Oltre l’orrore c’è l’indifferenza, solo quella.
Abbiamo dimenticato la lezione di Antonio Gramsci che ci ricordava come l’indifferenza fosse abulia, parassitismo, vigliaccheria. “Non è vita”, diceva.
Quei morti in mare già non ci trasmettono l’emozione della prima volta, e neanche della seconda. Ricordate come accogliemmo quella foto, l’istantanea della disgrazia e dell’orrore, che raffigurava Aylan, tre anni, il corpo riverso sulla battigia, il capo appena spostato verso le sue tenebre. Quel fagotto rosso scannato dal mare e dagli uomini, a Bodrum in Turchia.
E oggi è già il giorno dopo di un’altra tragedia, l’ultima o la penultima, l’ultimo bimbo o il penultimo che affoga e muore.
Stiamo divenendo platea esausta, corona di spettatori impauriti e fragili, al modo di quelli che nel West assistevano in piazza alle impiccagioni decise dallo sceriffo.
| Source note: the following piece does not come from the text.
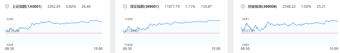 三大指数今日集体拉升,午后均涨约1%,上证50一度涨超2%,权重走强赛道调整。房地产板块明显反弹,并带动家居、家电、建材等相关产业链走强,南山控股、中洲控股、中国武夷等近10股涨停。医药医疗股集体拉升,牙科方向领涨,通策医疗等封板。券商、保险等大金融板块走强,南京证券触及涨停,长城证券、中国人寿等涨幅居前。此外跨境支付、大基建、医美等板块走势活跃。整体看,两市个股涨跌参半。截止收盘,沪指涨0.82%,深成指涨1.11%,创业板指涨1%。两市今日成交7795亿元。
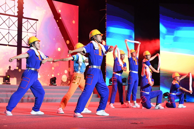 ▲和记娱乐怡情博登录海装带来歌舞《咱们工人有力量》

Sono queste a loro modo impiccagioni di Stato, e noi, noi occidentali, decidiamo la vita e la morte, approntiamo questa barbarica selezione naturale.
Matteo Salvini ha visto giusto: il mercato della paura è florido, la solidarietà è divenuta merce invendibile. E lui alimenta la paura con certosina perizia, badando a tenerla viva come fiaccola di speranza. Lui, il più bravo, e gli altri leader europei ugualmente feroci ma più ipocriti. Lui però è il nostro ministro della Paura.
Arriverà il momento in cui ci stupiremo di noi stessi, della nostra dignità che arranca, di quel che siamo divenuti grazie all’indifferenza che ci ha colti e presi tra le sue dita, come fiori di campo.